## Records supplied
•••

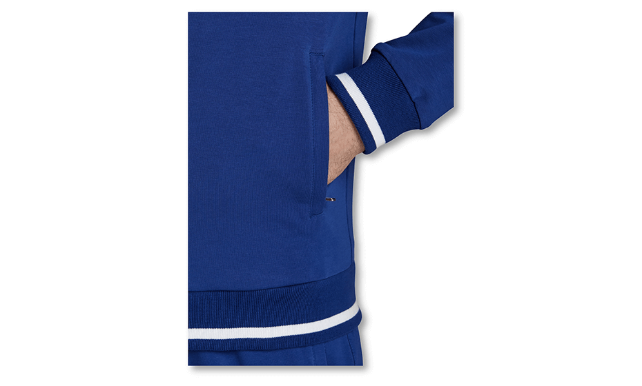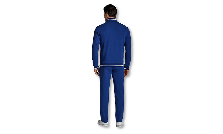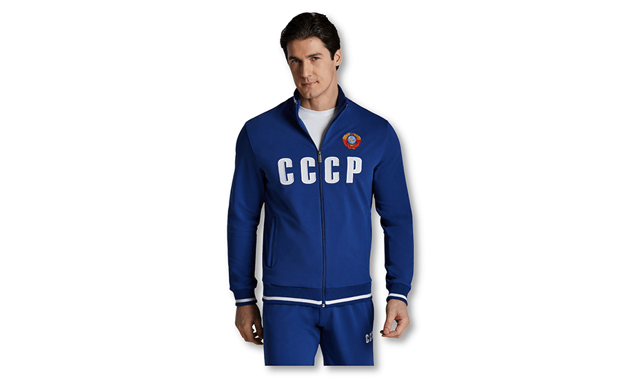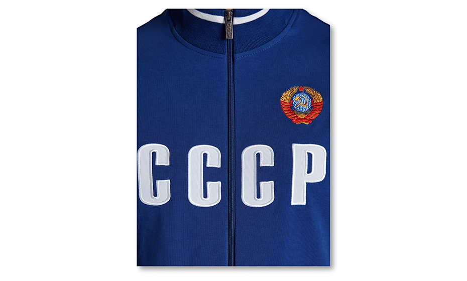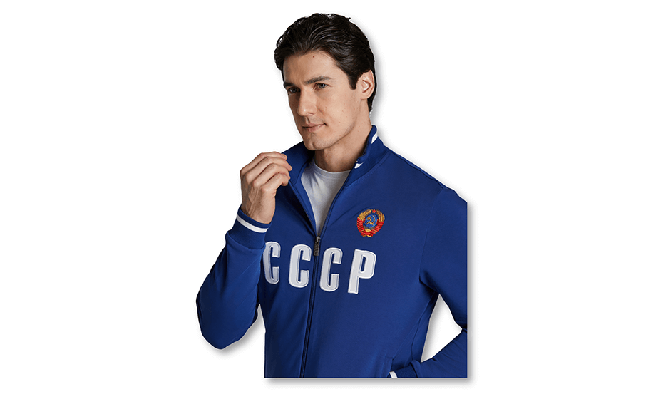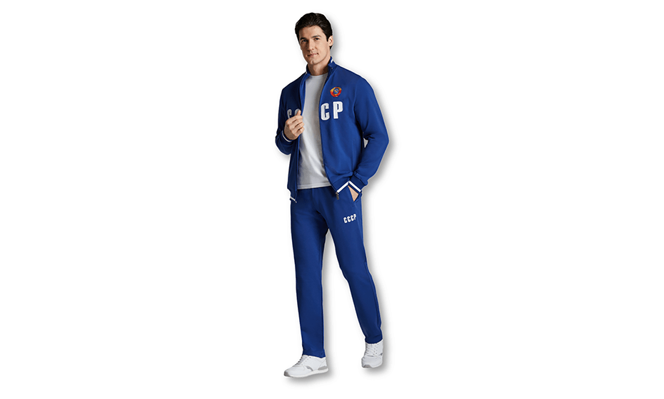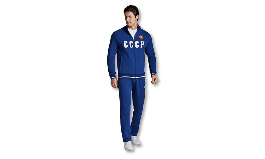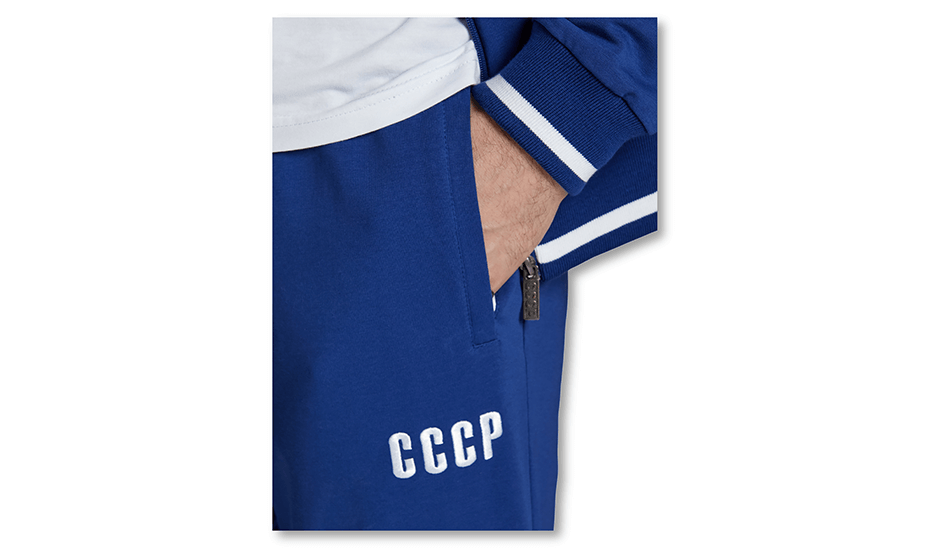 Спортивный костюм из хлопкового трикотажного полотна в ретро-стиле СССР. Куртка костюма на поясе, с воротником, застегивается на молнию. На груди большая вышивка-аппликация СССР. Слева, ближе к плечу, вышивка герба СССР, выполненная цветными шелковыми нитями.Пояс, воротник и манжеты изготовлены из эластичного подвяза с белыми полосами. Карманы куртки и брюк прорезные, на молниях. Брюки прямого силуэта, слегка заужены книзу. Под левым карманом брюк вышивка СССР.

•••

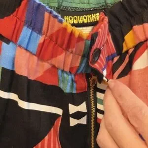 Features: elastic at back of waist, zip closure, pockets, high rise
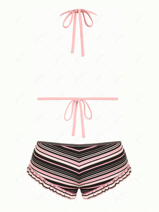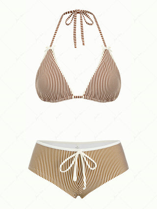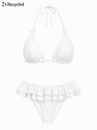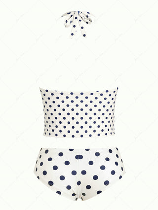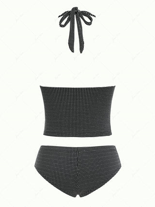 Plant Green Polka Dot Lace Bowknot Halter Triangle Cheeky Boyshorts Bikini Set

•••

## Exercise prompt
Among the records above, locate the line containing "Features: elastic at" and the line containing "Plant Green Polka", then transcribe exactly the lines starting at the first and ending at the second, with no pictures.

## The completed task
 Features: elastic at back of waist, zip closure, pockets, high rise
 Plant Green Polka Dot Lace Bowknot Halter Triangle Cheeky Boyshorts Bikini Set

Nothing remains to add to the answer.